Tony Mazzocchi Embodied the Best of the Labor Movement
In the latter half of the 20th century, labor leader Tony Mazzocchi fought for a progressive political vision that put working-class concerns front and center. His example continues to be invaluable for labor and the Left today.

The Committee for a Sane Nuclear Policy (SANE), an organization Tony Mazzocchi helped launch, demonstrates on the West Side of Manhattan around the fourteenth anniversary of the bombings of Hiroshima and Nagasaki on August 9, 1959. (Bettman Archive via Getty Images)
In 1948, the radical sociologist C. Wright Mills published a book called The New Men of Power, which examined the careers of postwar labor leaders who emerged from industrial union struggles in the 1930s.
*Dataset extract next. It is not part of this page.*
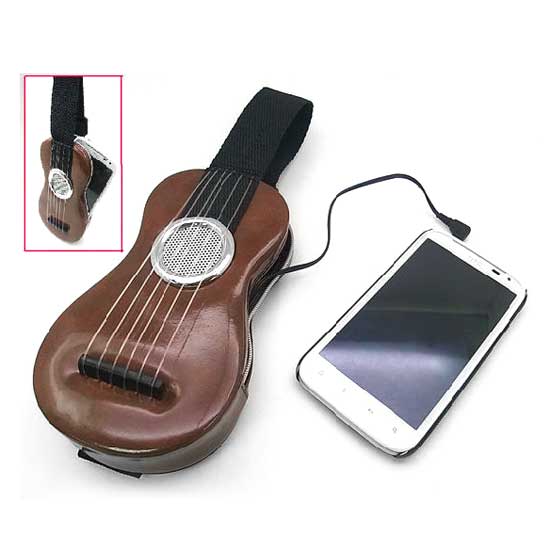 This speaker pouch features a guitar shape for a touch of uniqueness. It fits for the iPhone 5 and other same sized mobile phones. This battery-operated speaker pouch is completed with a strap on the top for easy carrying.

At the time, the author was hopeful that labor’s progressive wing — led by this new generation of trade unionists — would be a bulwark against war, militarism, and resurgent corporate power.
A decade later, Mills became a cheerleader for the emerging student movement, because the “main drift” of organized labor and most of its officialdom in the 1950s was trending in a conservative direction. That trend was symbolized by the Congress of Industrial Organizations’ (CIO) purge of left-wing unions representing a million workers. This paved the way for its mid-1950s merger with the American Federation of Labor (AFL), an alliance in which craft union influence was predominant.
One exception to this generational trajectory was the career of a World War II veteran from Brooklyn named Tony Mazzocchi. In the 1950s and ’60s, Mazzocchi rose through the ranks of the Oil, Chemical, and Atomic Workers (OCAW), a union with then-strong CIO traditions of rank-and-file activism and internal democracy.